Quant à la Pologne, la procédure suit son cours, tant par des échanges de lettres avec la Commission que par des auditions au Conseil de l’UE (EUROPE 12097). Il est indispensable, pour la crédibilité de l’Union aux yeux de tous les démocrates attachés à l’État de droit, que les deux procédures aillent jusqu’au Conseil européen, quand bien même la solidarité entre illibéraux empêcherait l’unanimité : précisément, il faudra se compter, aux yeux de tous les citoyens. Le bon sens réapparaîtrait.
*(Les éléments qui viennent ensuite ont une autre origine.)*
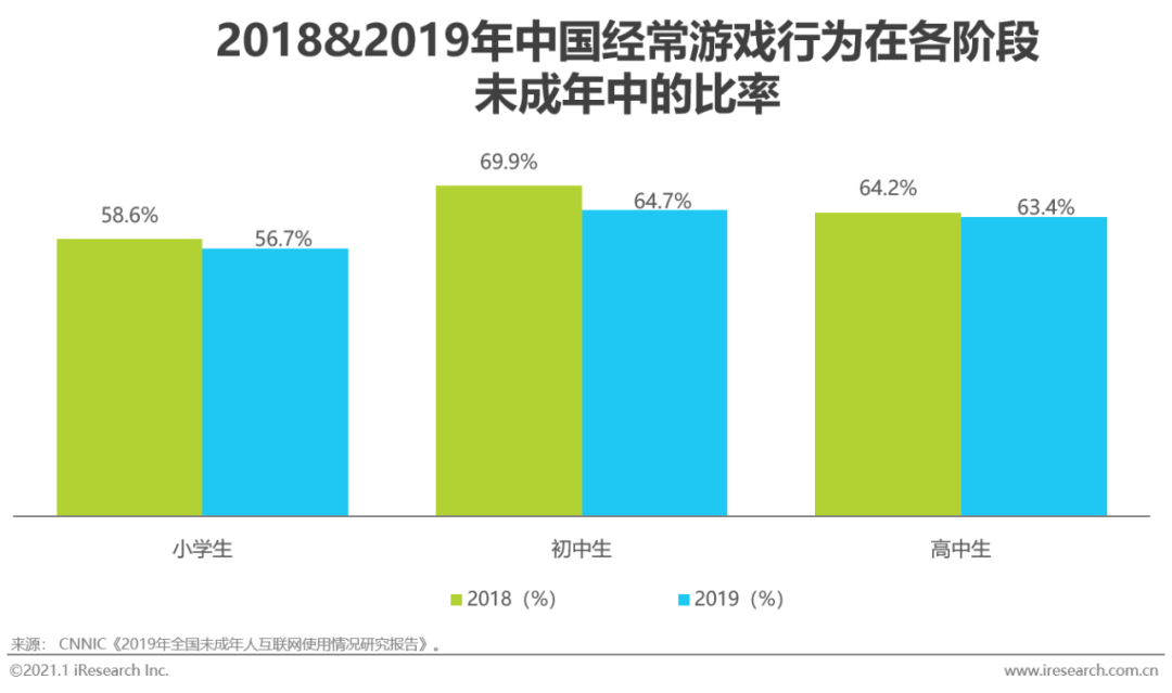 根据CNICC发布的《2019年全国未成年人互联网使用情况研究报告》,在未成年人上网经常从事的各类活动中,选择玩游戏的未成年人比例达到61%,在休闲娱乐活动中的选择率仅次于听音乐的66%。游戏行为在未成年人中较为普及,已成为他们的主要休闲活动。值得注意的是,经常游戏行为在小学生、初中生和高中生人群中的渗透率差异在2019年逐渐弥合,且三者渗透率出现了不同程度的下滑。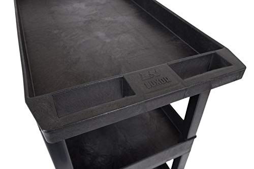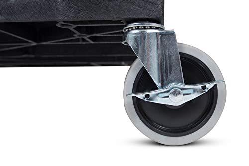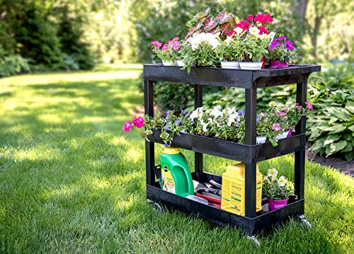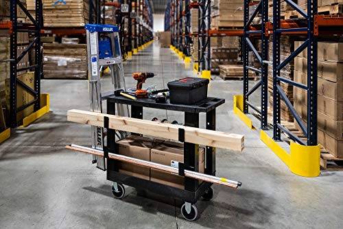 Has an ergonomic push handle molded into the top shelf. Four 4″ full swivel casters, two with locking brake.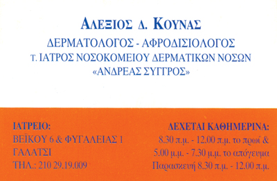 customer tabsΕπικοινωνίαΚλινική ΔερματολογίαΑισθητική ΔερματολογίαΑντιγήρανσηΚαθαρισμός προσώπουΘεραπείες ακμήςΘεραπείες τριχόπτωσηςΘεραπείες καφέ κηλίδωνΘεραπείες ευρυαγγειώνΚρυοθεραπείαPeelingsΔερματοσκόπησηΑποτρίχωση με laser Δερματολόγοι - ΑφροδισιολόγοιΥγείαΛεωφ. Βεΐκου 6 & Φιγαλείας 1, ΓαλάτσιΓΑΛΑΤΣΙ ΑΤΤΙΚΗΣΑΤΤΙΚΗ 2102919009 Το προτείνω (έχει προταθεί 0 φορές) ΦωτογραφίεςFacebook LikeShare on FacebookTweet Widget

Dans son discours sur l’état de l’Union, le président Juncker a rompu une lance contre « le nationalisme borné » (EUROPE 12094). Il a plaidé pour une alliance ambitieuse entre l’Europe et l’Afrique, pour le multilatéralisme actuellement en perte de vitesse, pour une revitalisation du Conseil ‘Affaires étrangères’ par un abandon adéquat de l’unanimité, pour une effectivité législative du socle des droits sociaux. Il a dévoilé quelques propositions, notamment en faveur du statut international de l’euro et pour garantir des élections européennes correctes, sans manipulations extérieures et dans le respect de la protection des données personnelles par les partis politiques.
La Commission a encore une année entière devant elle pour travailler avec fruit et sérénité dans un contexte inédit : des députés en campagne électorale et des chefs de gouvernement qui ne s’entendent plus. Elle peut être un pôle de stabilité, sans doute, mais aussi proposer plus, viser plus haut, décider d’être inventive et courageuse pour porter l’Union et son avenir : gardienne des traités et des valeurs, capable de dessiner un horizon pour les Européens, le dire haut et fort. Une telle ligne pourrait aussi éviter une débâcle aux élections européennes. Cette fenêtre d’opportunité qui s’ouvre pour un rééquilibrage des institutions et un retour du bon sens prend l’allure d’une occasion historique.